Former currency of China

The customs gold unit (CGU, 海關金單位兌換券 (Note: 關金 for short)) was a currency issued by the Central Bank of China between 1930 and 1948. In Chinese, the name of the currency was 關金圓) but the English name given on the back of the notes was "customs gold unit". It was divided into 100 cents (關金分). As the name suggests, this currency was initially used for customs payments, but in 1942 it was put into general circulation for use by the public at 20 times its face value in terms of the first Chinese yuan.

==History==

The customs gold unit was adopted on 1 February 1930 to replace the Haikwan (Hǎiguān) or Customs tael (海關両) as the standard for customs payments. It was defined as equal to 601.866 mg fine gold or US$0.40. CGU notes were fully backed by silver and were legal tender for paying import duties. The CGU replaced the Haikwan tael at CGU150 = HkT100.

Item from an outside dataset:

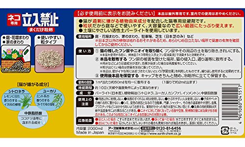●【商品説明】●「アースガーデン ネコ専用立入禁止 まくだけ粒剤 2000ml」は、猫が過剰に嫌がる植物由来成分を配合した猫専用忌避剤です。●粒状だから庭などで使いやすく、大容量なので広い範囲にたっぷり使えます。●土壌にやさしい活性土パーライトを使用しています。●猫が嫌がる成分シトロネラ、ユーカリ、中鎖脂肪酸配合。●【お問い合わせ先】●アース製薬 お客様窓口0120-81-6456製造販売元アース製薬株式会社東京都千代田区神田司町2-12-1●【成分】●パーライト(日本産)、植物精油(シトロネラ、ユーカリ、カンファ)、イソメントン、中鎖脂肪酸●【ご注意】●・用途以外に使用しない。●・体調のすぐれない時は使用しない。●・かぶれやすい人は使用しない。●・子供やペットの触れる所に置かない。●・シミ、変色の原因となるので自動車、門扉、シャッター、その他の塗装面や大理石、金属、プラスチックなどにはかからないよう注意する。●薬剤がかかった場合は直ちに洗い落とす。●・効果の持続期間は天候や温度条件により異なることがある。●・ニオイに対して鈍くなっている猫や空腹、発情...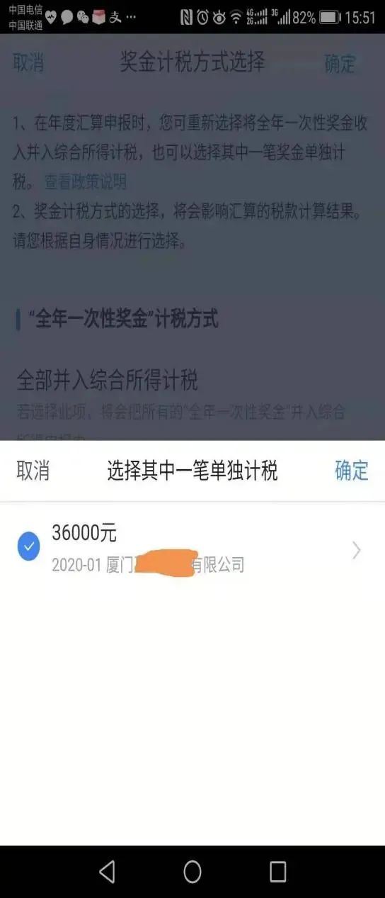 亲们,如果您2020年度有取得全年一次性奖金,赶快拿起手机登录个税APP,分别选择并入综合所得和单独计税两种方案,算一算有没有税款可退。

The CGU's value, fixed against the US dollar, fluctuated against the Chinese yuan, based on the current yuan–dollar and yuan–sterling market exchange rates. After the UK abandoned gold in September 1931, only the yuan–dollar rate was used until 1933, when the sterling price of gold in the London market determined the value of the CGU. Central Bank of China sold CGU notes at the prevailing quotation so that businessmen could minimize exchange risks resulting from changes in the yuan–dollar and yuan–sterling exchange rates. Use of this currency was very limited, with only about CGU375,000–475,000 outstanding at the time of the 1935 currency reform.

The Chinese currency reform of 3 November 1935, which created the Chinese national yuan or dollar (CNC$), commonly known as the Chinese legal tender dollar or fapi in English (法幣 (fǎbì)), also fixed an exchange rate of CGU100 = CNC$226.

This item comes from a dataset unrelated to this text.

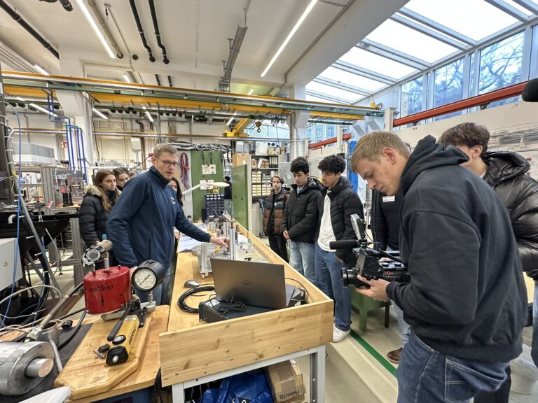 TrueTriax, eine Anlage, mit der Gesteinsproben extremem Druck ausgesetzt werden, um geologische Prozesse realitätsnah zu simulieren, sowie AgroHyd-X, ein Projekt, das hydrologische Daten für nachhaltige Landwirtschaft nutzt. Bei den anschließenden Gruppenführungen konnten die Schüler*innen erleben, wie solche Anlagen aufgebaut sind und welche Bedeutung sie für europäische Klima- und Umweltforschung haben.

The CGU's role in paying custom duties disappeared in 1941 when the government set ad valorem customs rates. On 1 April 1942 the custom gold unit's theoretical gold content was raised to 888.671 mg fine gold, equal to one US dollar. In practice, the customs gold unit lost all its special features and simply became equivalent to 20 Chinese legal tender dollars (CGU1 = CNC$20).

When Nationalist troops and officials arrived in Shanghai in 1945, they brought with them newly printed notes of 20 and 50 customs gold units. These notes proved more popular locally than Chinese legal tender notes and, due to a mistaken belief in the existence of a gold-redemption clause, they commanded a premium when exchanged for Central Reserve Bank notes of the Nanking National Government. CGU notes circulated alongside ordinary legal tender notes until 1948, when both were replaced by the gold yuan at the rate of 1 gold yuan = 3,000,000 Chinese legal tender dollars = 150,000 customs gold units.

==Banknotes==

On 1 May 1930, the Central Bank of China put into circulation notes in denominations of 0.10, 0.20, 1, 5, and 10 customs gold units. These notes were printed by American Bank Note Company and dated 1930.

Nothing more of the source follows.